Yes. Our technology is modality-agnostic, which means it can support many types of therapies, including cell therapies, because it provides spatial context and shows essentially how different cells are arranged and interact inside a tissue. Anywhere doctors need to understand what’s happening within the tissue to guide treatment, our spatial AI can provide those insights.

While oncology is where these tools are used most today, the same approach can support other conditions too, such as inflammatory bowel diseases or certain skin disorders. If a disease relies on tissue analysis to make better decisions, our platform can add value. Expanding into those areas is part of our long-term plan.

When do you expect this technology to move from clinical trials into routine clinical practice?

Within the next two to five years our technology will transition from pharma R&D into clinical environments. Physicians will be able to use it for decision support, helping determine the best treatment options and better assessing a patient’s overall condition. That is our North Star: enabling real physicians to help real patients get healthier with more accurate and personalised treatment selection.

Personalized medicine can be expensive. How do you address concerns around cost and accessibility?

AI-powered diagnostics present a major opportunity to reduce costs and expand access. Traditional diagnostics involve labs, reagents, and extensive manual processes, which can be expensive. When diagnostics are driven by algorithms and computational tools, they become far easier to distribute widely, including in regions with limited laboratory infrastructure. For this reason, personalised diagnostics may ultimately become more accessible than many expect.

What is your relationship with U.S.-based companies, and do you foresee new partnerships emerging soon?

Partnerships are part of our DNA. We work with more than 20 pharma companies, most of them U.S.-based, including Gilead, Amgen, and others. We collaborate with them across the entire drug-development spectrum, from early mechanism-of-action studies to clinical trials.
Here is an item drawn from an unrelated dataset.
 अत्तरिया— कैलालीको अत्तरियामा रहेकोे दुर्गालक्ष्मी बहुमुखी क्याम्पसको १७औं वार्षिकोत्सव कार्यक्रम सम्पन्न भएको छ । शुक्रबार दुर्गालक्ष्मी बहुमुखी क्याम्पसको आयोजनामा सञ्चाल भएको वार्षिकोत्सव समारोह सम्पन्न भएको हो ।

We also work with life-science tools companies—such as our recently published collaboration with Bio-Techne in Minnesota—and with academic institutions developing precision-medicine approaches, such as the University of Glasgow.

We intend to continue deepening and expanding these partnerships, as advancing precision medicine requires collaboration across the entire ecosystem.
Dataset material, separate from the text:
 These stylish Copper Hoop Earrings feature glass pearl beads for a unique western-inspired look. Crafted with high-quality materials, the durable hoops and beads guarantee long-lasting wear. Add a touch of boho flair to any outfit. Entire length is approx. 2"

You’ve spoken about what you call “the challenge of validation.” Could you explain what you mean by that and why it is so pertinent to life sciences?

When I talk about the challenge of validation, I mean that in many fields it’s hard to solve a problem but easy to validate the result. Sudoku is a good example—it takes effort to find the solution, but checking whether it’s correct is simple. When validation is easy, innovation accelerates because AI models can be trained and improved quickly. In life sciences, the opposite is true. Biology is incredibly complex, and even when we believe we understand it, validation requires clinical trials. You need to recruit patients, wait to see whether they respond, and that process takes a very long time.

A patient isn’t a computer—you can’t validate results instantly.

Meanwhile, technology moves at the speed of light. That’s the real bottleneck: embedding technology into the healthcare system takes years. If we could find ways to expedite validation using models, innovation in life sciences—drug development, precision medicine, digital health—could advance much faster. This point reinforces how our solutions can help address this ongoing challenge: speeding up interpretation, improving prediction, and reducing the inefficiencies that slow down drug development and clinical validation. 

Looking ahead two or three years, where do you expect to see Nucleai?

Everything we do centres on helping patients. Everyone knows someone affected by cancer, and we want to contribute meaningfully to that fight. In the next two to three years, our goal is to help physicians and patients identify the right treatment more effectively so patients can achieve better outcomes.

All of our commercial milestones and company progress flow from that mission. Helping patients receive the right treatment is the foundation for everything we are building.